The notion that light crude will become the discount feedstock means substantial investment in heavy upgrading capacity is no longer required to capture crude discounts for North American refiners. Access to cost-advantaged feedstock now includes those refiners that can process crudes that have historically fetched a premium but are now available at a discount due to supply and logistical issues. In this case, some low-complexity refiners may actually have a greater advantage because they are able to capture the discounts without the substantial investment heavy crude processing requires.

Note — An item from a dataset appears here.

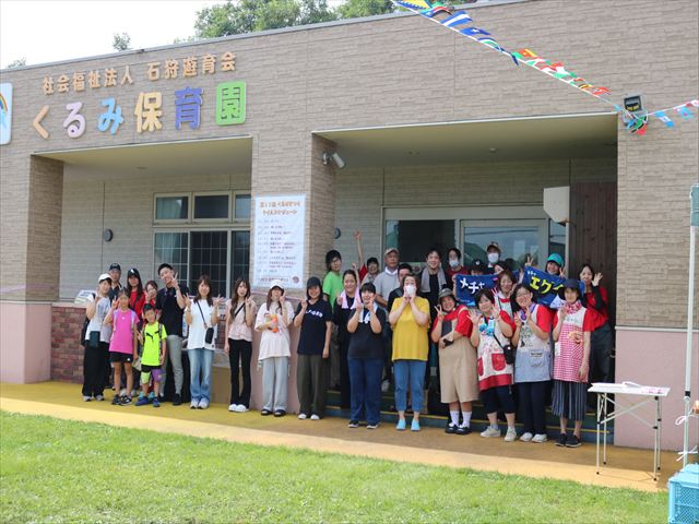 集合写真を撮るときには、お兄さんお姉さんに抱っこしてもらって嬉しそうな子ども達でした。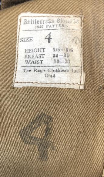 1940 Patt. Battledress blouse for a Major of the Intelligence Corps. Manufactured by the Rego Clothiers Ltd in 1944 this example is a size 4 with good, clear label and inspection marks to the interior.In excellent, clean condition with some minor moth grazing. Featuring printed Intelligence Corps shoulder titles and Major's crowns embroidered on green backing indicating Intelligence. A good example.

Our projected discounts for North American light crude indicate U.S. refiners will realize anywhere from a $2 per barrel advantage for coastal refiners to a $10 per barrel advantage for inland refiners compared to refineries in Europe and Asia. This marks a dramatic shift from the previous five years when U.S. refiners were at a light crude cost disadvantage. That said, we also expect heavy crude should continue to sell at significant discounts to light. Thus, we believe several U.S. refiners enjoy a low-cost feedstock advantage with both light and heavy crudes.
Additionally, the availability of low-cost natural gas provides domestic refiners with an operating cost advantage relative to foreign competitors. This energy cost advantage is likely to be sustainable in our opinion, as we believe the United States will enjoy low natural gas prices relative to most global markets for the foreseeable future. Our long-term price assumption of $5.40 implies that U.S. refiners will continue to enjoy a $1 to $2 per barrel operating cost advantage relative to refiners operating overseas, where the price of natural gas remains oil-linked or much higher due to limited supply.
Finally, North American refiners’ low-cost position ensures that export market access and international price realizations will continue. Without the ability to export, the United States would become a self-contained market and the crude differentials we’ve detailed would no longer confer an advantage. Exports are also becoming increasingly important to keeping the United States and global markets integrated as weakening domestic demand has reduced the need for imports. The ability to export provides refiners with another outlet for production and allows for higher usage rates.
Allen Good is senior equity analyst at Morningstar Inc., which provides stock market analysis and investment research.